PwC et d’autres géants mondiaux du conseil étaient alors, et sont encore plus maintenant, une partie établie du mobilier dans les échelons supérieurs de l’État. Les gouvernements distribuent des sommes énormes pour leurs services. Les données du National Audit Office australien montrent que 888 millions de dollars ont été versés à des consultants par le gouvernement fédéral au cours de l’exercice 2022-23. À Victoria, une étude menée par le Community and Public Sector Union a révélé que près d’un milliard de dollars avaient été dépensés en consultants par le gouvernement travailliste d’Andrews depuis son arrivée au pouvoir en 2014.

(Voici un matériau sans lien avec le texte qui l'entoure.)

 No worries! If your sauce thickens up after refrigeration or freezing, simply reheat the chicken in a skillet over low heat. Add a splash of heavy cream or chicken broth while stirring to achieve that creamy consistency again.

Se concentrer uniquement sur ces dépenses, bien que suffisamment scandaleuses en soi, ne rend toujours pas vraiment compte à quel point la relation est devenue confortable. Il y a plus qu’une simple porte tournante entre des cabinets de conseil tels que PwC et les rangs des politiciens et des hauts fonctionnaires. La porte est maintenue grande ouverte. Bien qu’ils alternent régulièrement entre les rôles au sens formel, peu importe aux niveaux supérieurs que quelqu’un soit employé par un consultant ou par l’État – ils sont tous supposés partager la même vision et travailler vers les mêmes objectifs. .
C’est l’explication la plus probable de la nomination de Collins sans sourciller. Quel que soit son « travail de jour » chez PwC, lui et ses collègues étaient des membres établis et de confiance du cercle restreint de l’État. Il est probable que les représentants du gouvernement avec lesquels il travaillait n’avaient tout simplement pas pensé qu’il ferait jamais quelque chose de sérieux en contradiction avec leurs propres priorités et objectifs.

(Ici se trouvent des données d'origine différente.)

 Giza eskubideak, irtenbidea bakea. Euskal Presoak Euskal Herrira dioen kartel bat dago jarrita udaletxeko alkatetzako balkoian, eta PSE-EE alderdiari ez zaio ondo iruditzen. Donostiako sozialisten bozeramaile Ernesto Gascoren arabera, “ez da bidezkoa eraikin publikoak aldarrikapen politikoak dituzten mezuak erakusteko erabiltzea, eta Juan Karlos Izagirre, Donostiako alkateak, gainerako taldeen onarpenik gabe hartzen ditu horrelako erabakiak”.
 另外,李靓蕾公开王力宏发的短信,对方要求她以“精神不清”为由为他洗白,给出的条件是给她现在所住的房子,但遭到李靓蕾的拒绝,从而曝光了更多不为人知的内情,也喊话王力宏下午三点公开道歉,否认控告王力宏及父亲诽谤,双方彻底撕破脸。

Cela nous amène à l’aspect le plus troublant de celui-ci. Le pouvoir et l’influence croissants des géants du conseil à tous les niveaux de gouvernement et dans toutes les sphères politiques ne sont pas vraiment, comme on le présente généralement, une question de « capture de l’État » par le secteur privé. Lorsqu’il s’agit d’éléments authentiquement de la classe dirigeante au sein de l’État, il s’agit plus de collaboration que de capture.
De plus en plus, semble-t-il, les gouvernements et les plus hauts fonctionnaires qu’ils nomment préfèrent les conseils de consultants privés à ceux (de ce qui reste) de la fonction publique. Les fonctionnaires sont souvent des gens honnêtes et décents qui s’engagent souvent à fournir des conseils « francs et sans peur » fondés sur des recherches et des analyses sérieuses et une évaluation de ce qui est dans l’intérêt public. Les consultants comme Peter Collins, en revanche, ne sont vraiment intéressés que par gagner de l’argent. En tant que tels, ils sont beaucoup plus susceptibles de fournir le type de conseils que les gouvernements souhaitent entendre.

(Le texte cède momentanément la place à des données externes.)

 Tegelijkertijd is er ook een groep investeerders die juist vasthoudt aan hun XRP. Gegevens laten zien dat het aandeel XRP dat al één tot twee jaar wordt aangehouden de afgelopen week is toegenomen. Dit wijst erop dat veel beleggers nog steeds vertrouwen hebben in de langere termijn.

Le rôle croissant des consultants dans l’État capitaliste – pas seulement en Australie mais dans le monde entier – reflète la lutte des classes de plus en plus nue au cœur de notre société. Il devient de plus en plus difficile pour les gouvernements de quadriller le cercle consistant à servir les intérêts des grandes entreprises et des riches tout en semblant gouverner dans l’intérêt de tous. Ce que la classe dirigeante attend des gouvernements est tout simplement trop en décalage avec ce que demande la masse des gens ordinaires.
Dans de nombreux endroits du monde, et tout au long de l’histoire du capitalisme, cette divergence d’intérêts a été « résolue » au niveau politique via des limitations de la démocratie ou une dictature pure et simple. L’intégration croissante des géants du conseil avec l’État et le genre de perspective irresponsable, sans moralité et pro-business sans vergogne qu’ils y implantent devraient être considérés comme une étape dans cette voie.
James Plested est rédacteur en chef de Drapeau rouge.